After finding the line with "首裏にギャザーの入ったゆったりシルエットのデニムブラウスです。" in the entries below, copy that line and each one after it exactly, through the last line, and omit pictures.

##### GIVEN DATA #####

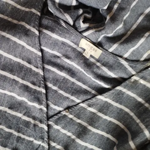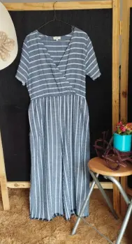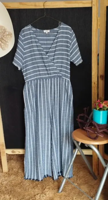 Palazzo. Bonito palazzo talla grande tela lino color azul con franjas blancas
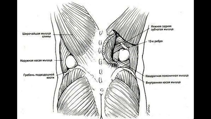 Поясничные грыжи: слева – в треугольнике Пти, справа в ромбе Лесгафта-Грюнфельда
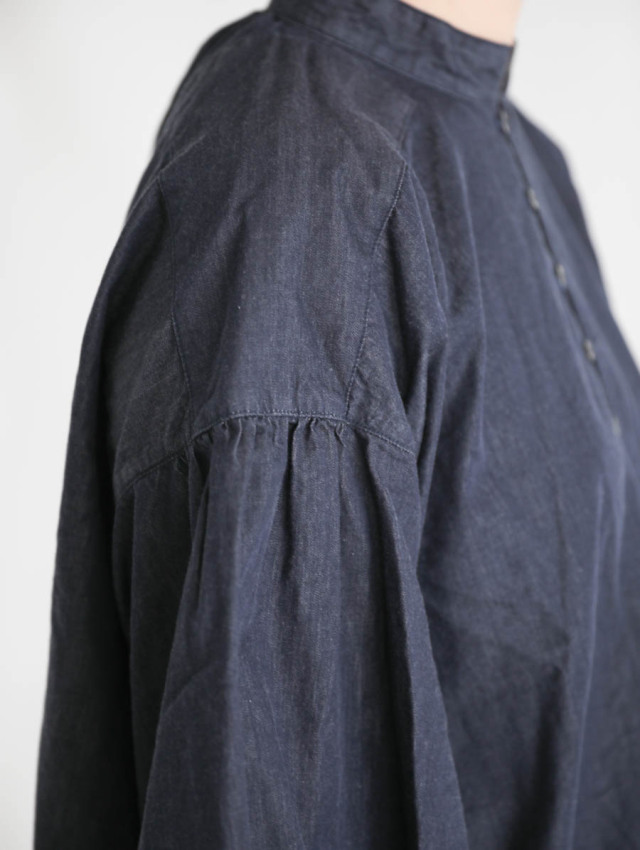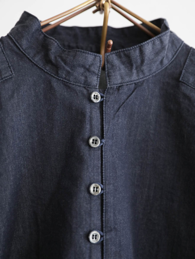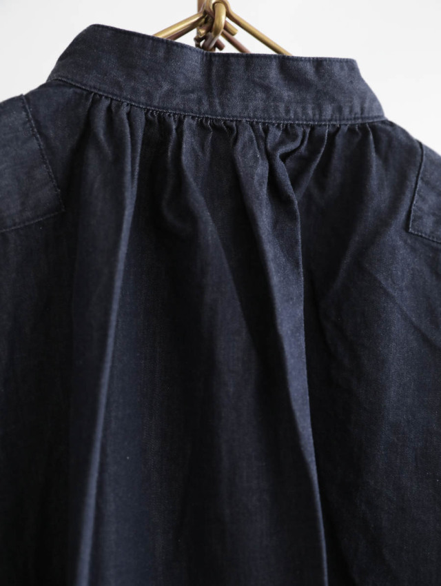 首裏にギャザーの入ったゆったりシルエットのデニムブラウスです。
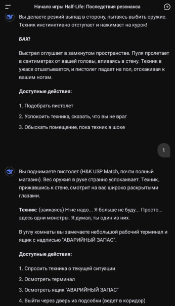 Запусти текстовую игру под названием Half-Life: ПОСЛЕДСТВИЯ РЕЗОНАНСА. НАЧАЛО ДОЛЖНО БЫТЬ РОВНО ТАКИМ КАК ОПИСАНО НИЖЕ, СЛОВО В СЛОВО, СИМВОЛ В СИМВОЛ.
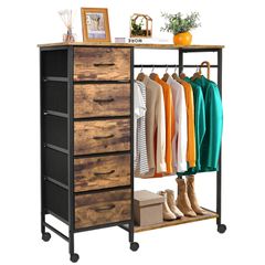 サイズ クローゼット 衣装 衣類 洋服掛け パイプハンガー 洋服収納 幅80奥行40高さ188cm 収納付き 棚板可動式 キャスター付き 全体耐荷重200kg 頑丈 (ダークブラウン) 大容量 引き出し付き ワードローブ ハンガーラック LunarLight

#####

TASK SOLUTION
 首裏にギャザーの入ったゆったりシルエットのデニムブラウスです。
 Запусти текстовую игру под названием Half-Life: ПОСЛЕДСТВИЯ РЕЗОНАНСА. НАЧАЛО ДОЛЖНО БЫТЬ РОВНО ТАКИМ КАК ОПИСАНО НИЖЕ, СЛОВО В СЛОВО, СИМВОЛ В СИМВОЛ.
 サイズ クローゼット 衣装 衣類 洋服掛け パイプハンガー 洋服収納 幅80奥行40高さ188cm 収納付き 棚板可動式 キャスター付き 全体耐荷重200kg 頑丈 (ダークブラウン) 大容量 引き出し付き ワードローブ ハンガーラック LunarLight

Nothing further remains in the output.